### WHAT THE TASK REQUIRES
What should be copied is the stretch of entries below from the line with "El pronóstico Hidrometeorológico" up to and including the line with "happymusic Professional UHF", exactly and without images.

### DATA TO USE

····················

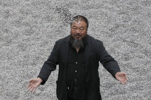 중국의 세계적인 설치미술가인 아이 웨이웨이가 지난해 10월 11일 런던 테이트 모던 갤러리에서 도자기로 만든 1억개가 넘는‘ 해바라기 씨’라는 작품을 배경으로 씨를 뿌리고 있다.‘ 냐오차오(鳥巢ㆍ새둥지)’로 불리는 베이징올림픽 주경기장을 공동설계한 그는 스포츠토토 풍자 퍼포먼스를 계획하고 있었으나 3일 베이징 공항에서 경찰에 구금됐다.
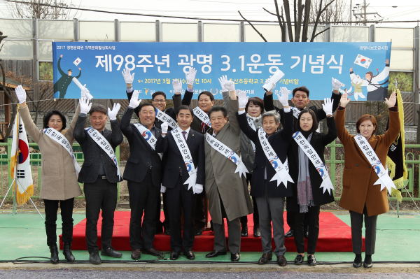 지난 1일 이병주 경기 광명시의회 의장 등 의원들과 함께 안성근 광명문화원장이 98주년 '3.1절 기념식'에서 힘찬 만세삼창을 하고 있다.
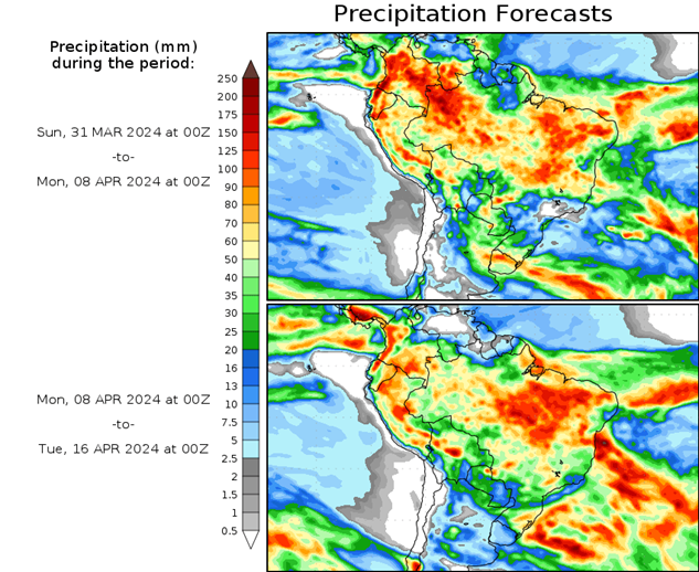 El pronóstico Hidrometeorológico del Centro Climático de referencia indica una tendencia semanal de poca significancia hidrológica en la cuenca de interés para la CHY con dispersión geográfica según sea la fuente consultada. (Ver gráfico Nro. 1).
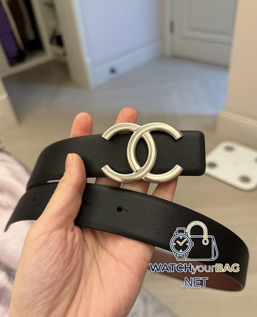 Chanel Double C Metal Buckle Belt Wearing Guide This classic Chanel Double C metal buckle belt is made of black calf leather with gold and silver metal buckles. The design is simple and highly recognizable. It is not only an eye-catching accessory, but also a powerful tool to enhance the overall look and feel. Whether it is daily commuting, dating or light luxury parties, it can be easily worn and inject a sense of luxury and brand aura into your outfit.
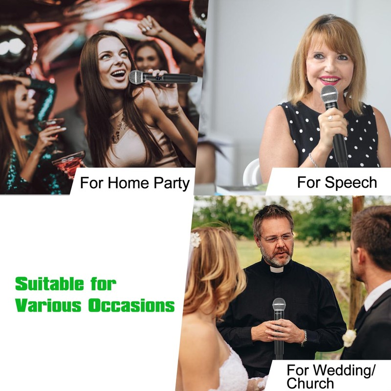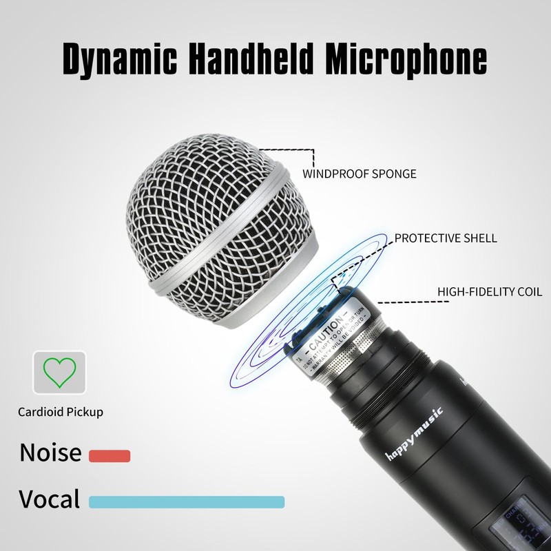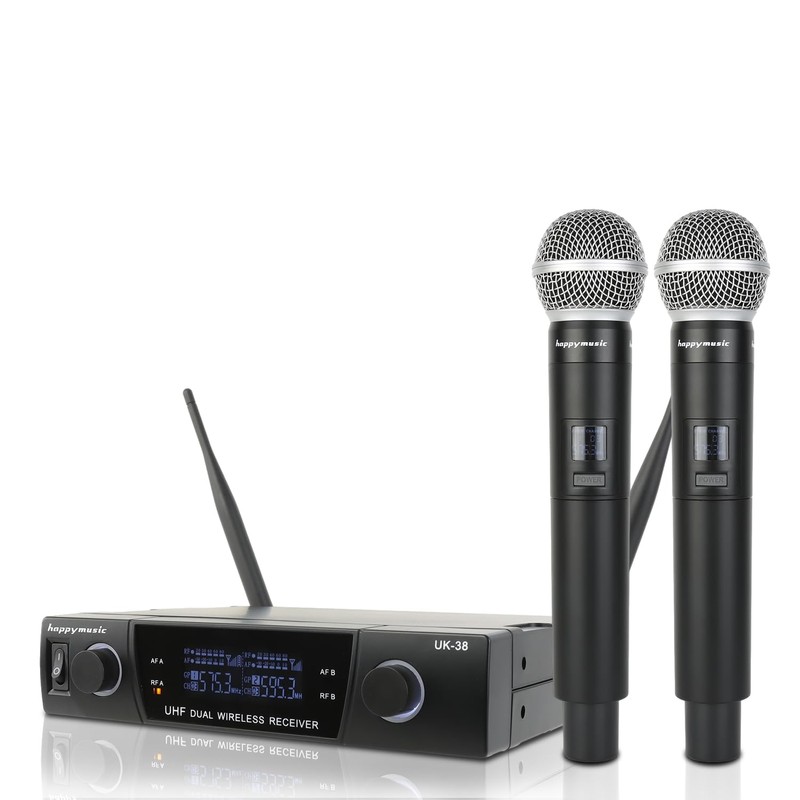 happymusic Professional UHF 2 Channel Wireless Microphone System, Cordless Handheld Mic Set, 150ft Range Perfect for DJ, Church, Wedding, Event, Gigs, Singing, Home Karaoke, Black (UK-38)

····················

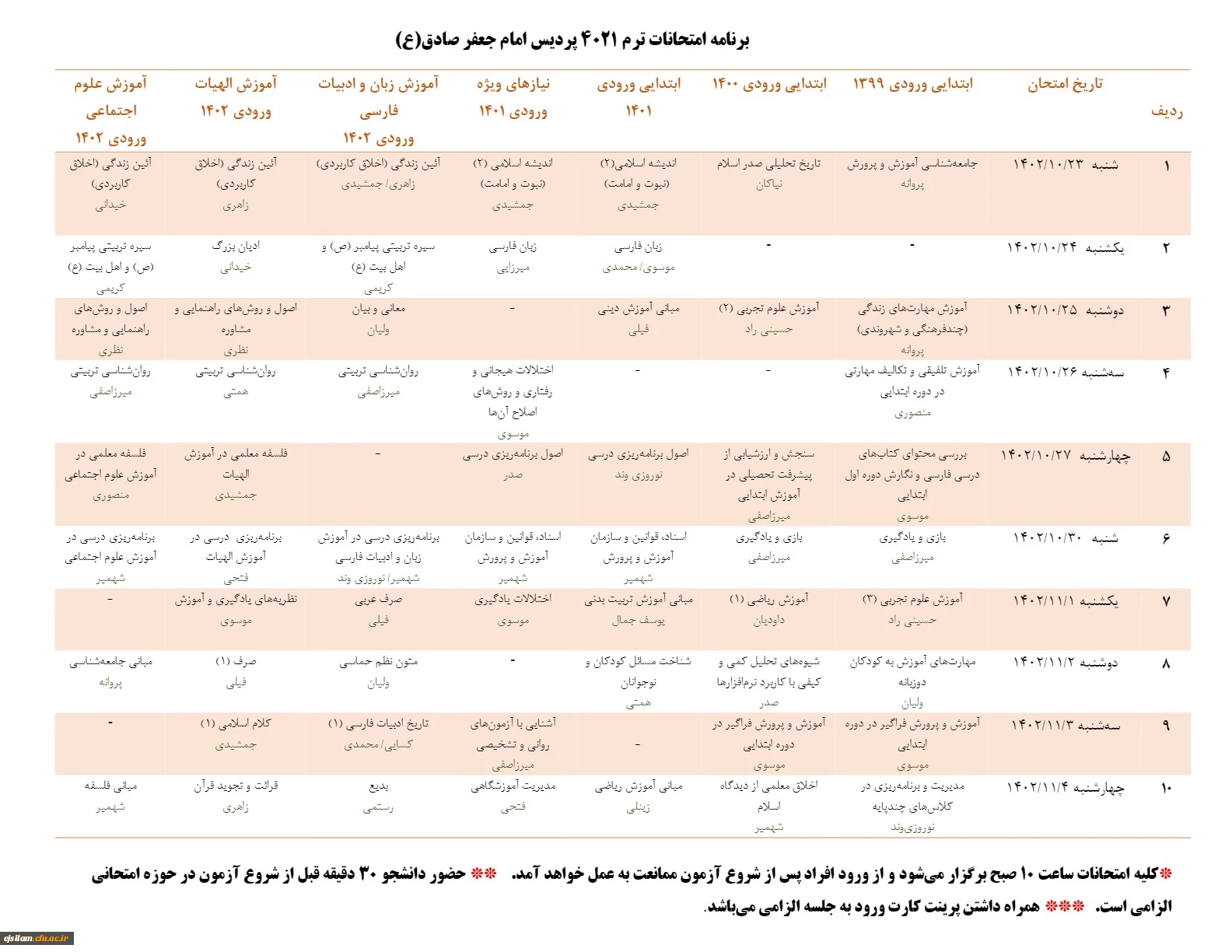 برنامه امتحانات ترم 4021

····················

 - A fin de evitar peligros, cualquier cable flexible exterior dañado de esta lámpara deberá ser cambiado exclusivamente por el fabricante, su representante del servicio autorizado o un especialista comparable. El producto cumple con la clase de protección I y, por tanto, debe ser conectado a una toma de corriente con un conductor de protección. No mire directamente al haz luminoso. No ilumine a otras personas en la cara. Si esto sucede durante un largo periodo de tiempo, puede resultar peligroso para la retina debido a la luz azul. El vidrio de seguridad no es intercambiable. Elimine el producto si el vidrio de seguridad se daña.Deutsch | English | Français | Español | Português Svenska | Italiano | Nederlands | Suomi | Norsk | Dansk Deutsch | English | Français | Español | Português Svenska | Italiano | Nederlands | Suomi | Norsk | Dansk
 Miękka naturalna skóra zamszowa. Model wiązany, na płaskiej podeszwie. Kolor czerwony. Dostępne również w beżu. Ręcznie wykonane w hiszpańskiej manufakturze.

····················

### RESPONSE TO THE EXERCISE
 El pronóstico Hidrometeorológico del Centro Climático de referencia indica una tendencia semanal de poca significancia hidrológica en la cuenca de interés para la CHY con dispersión geográfica según sea la fuente consultada. (Ver gráfico Nro. 1).
 Chanel Double C Metal Buckle Belt Wearing Guide This classic Chanel Double C metal buckle belt is made of black calf leather with gold and silver metal buckles. The design is simple and highly recognizable. It is not only an eye-catching accessory, but also a powerful tool to enhance the overall look and feel. Whether it is daily commuting, dating or light luxury parties, it can be easily worn and inject a sense of luxury and brand aura into your outfit.
 happymusic Professional UHF 2 Channel Wireless Microphone System, Cordless Handheld Mic Set, 150ft Range Perfect for DJ, Church, Wedding, Event, Gigs, Singing, Home Karaoke, Black (UK-38)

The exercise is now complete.